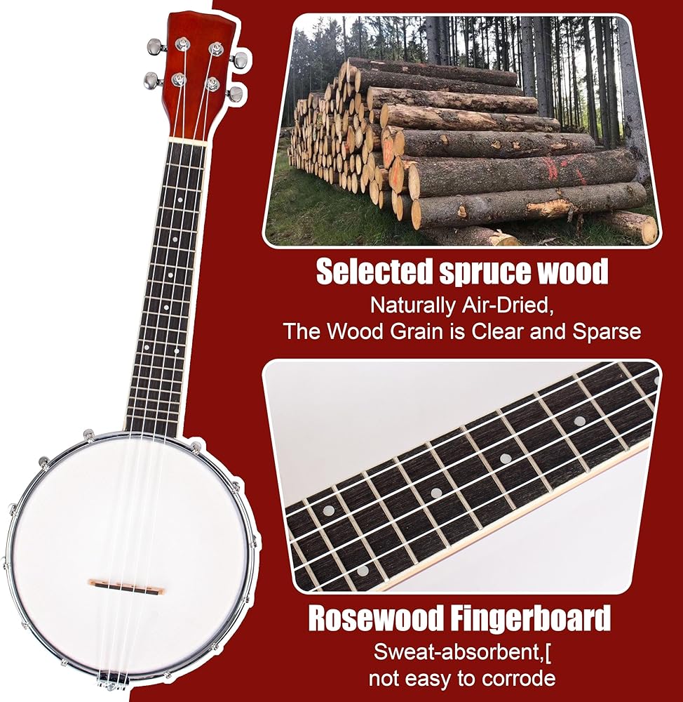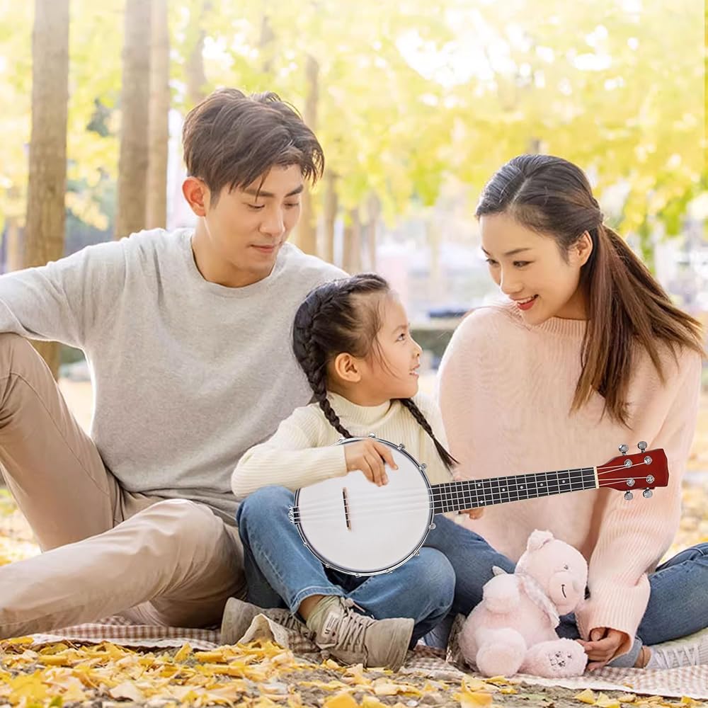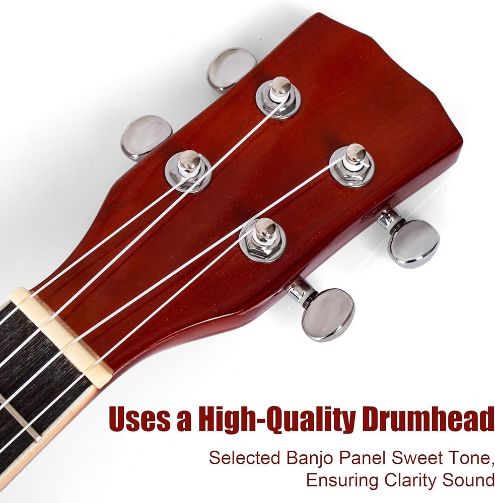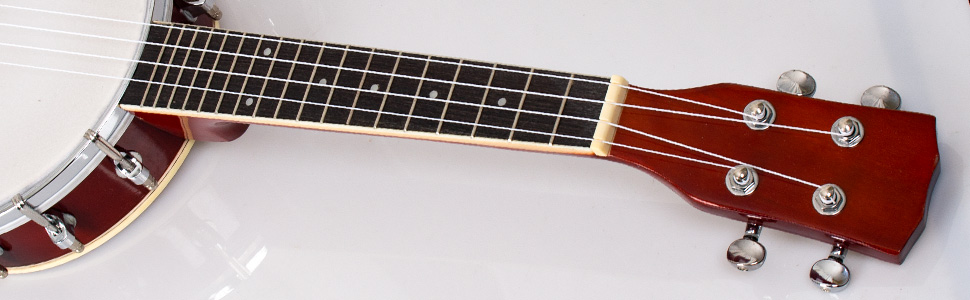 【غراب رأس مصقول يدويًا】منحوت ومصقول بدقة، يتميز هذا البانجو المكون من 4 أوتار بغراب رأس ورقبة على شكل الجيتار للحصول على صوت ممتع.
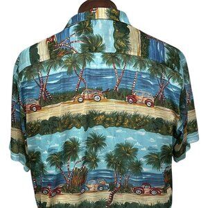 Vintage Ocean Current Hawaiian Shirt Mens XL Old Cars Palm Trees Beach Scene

══════════════════════════════

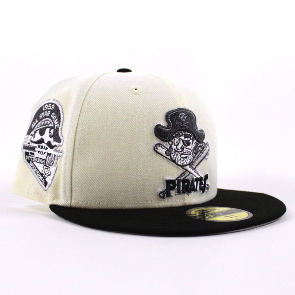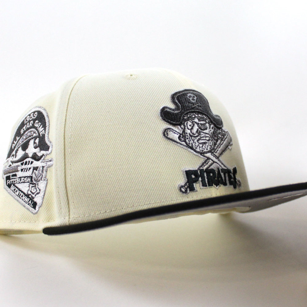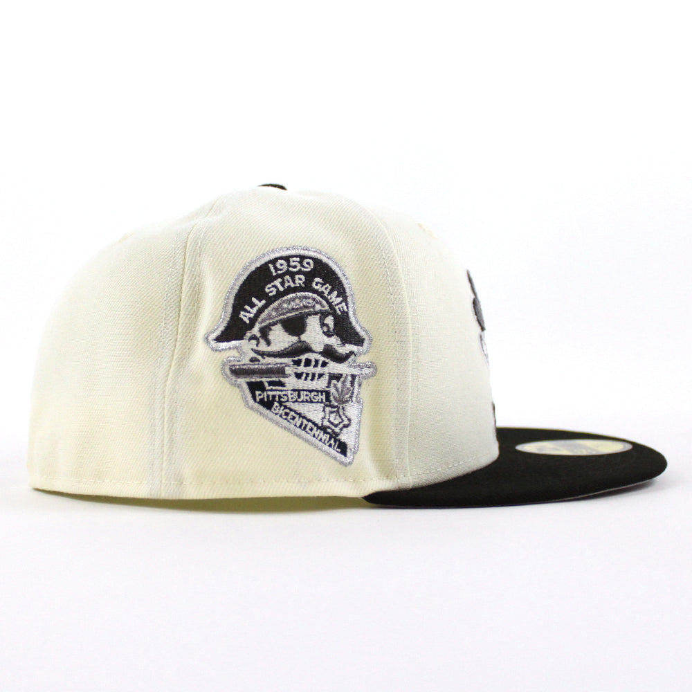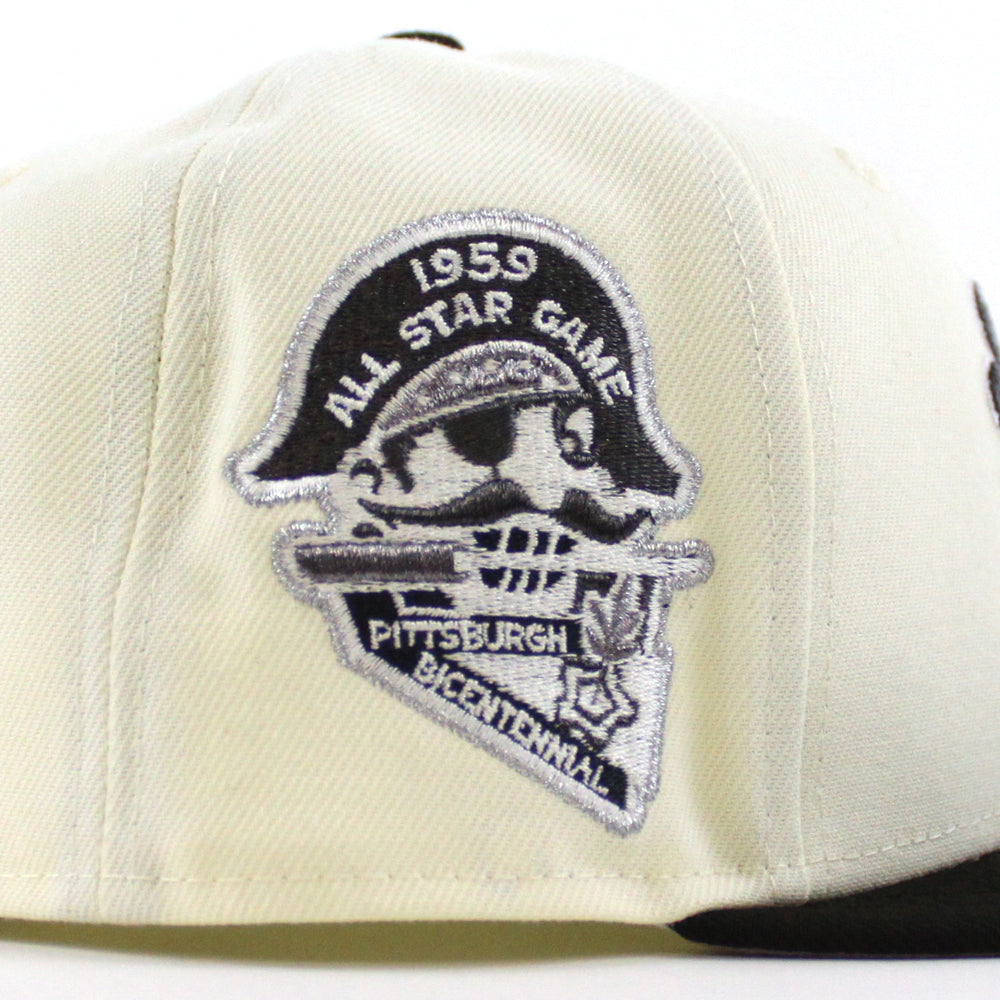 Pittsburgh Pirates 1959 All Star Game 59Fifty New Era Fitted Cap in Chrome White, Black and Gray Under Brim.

══════════════════════════════

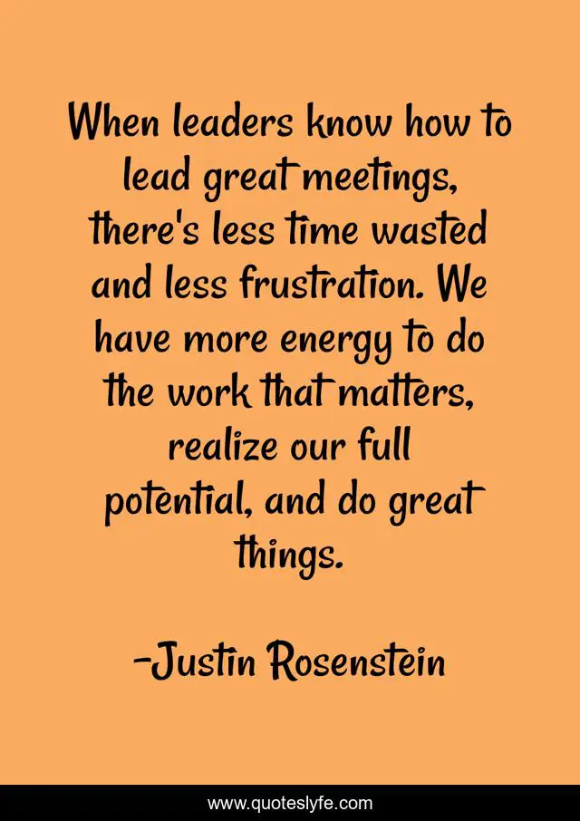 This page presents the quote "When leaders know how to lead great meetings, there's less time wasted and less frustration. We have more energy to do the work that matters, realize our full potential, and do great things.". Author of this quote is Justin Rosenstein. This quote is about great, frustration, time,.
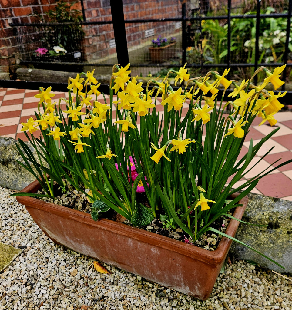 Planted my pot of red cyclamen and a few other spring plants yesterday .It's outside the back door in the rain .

══════════════════════════════

- _Activity_: Using the data above, return the lines from the one holding "على صوت ممتع." through the one holding "Vintage Ocean Current" exactly, but not the pictures.

- _Solved exercise_:
 【غراب رأس مصقول يدويًا】منحوت ومصقول بدقة، يتميز هذا البانجو المكون من 4 أوتار بغراب رأس ورقبة على شكل الجيتار للحصول على صوت ممتع.
 Vintage Ocean Current Hawaiian Shirt Mens XL Old Cars Palm Trees Beach Scene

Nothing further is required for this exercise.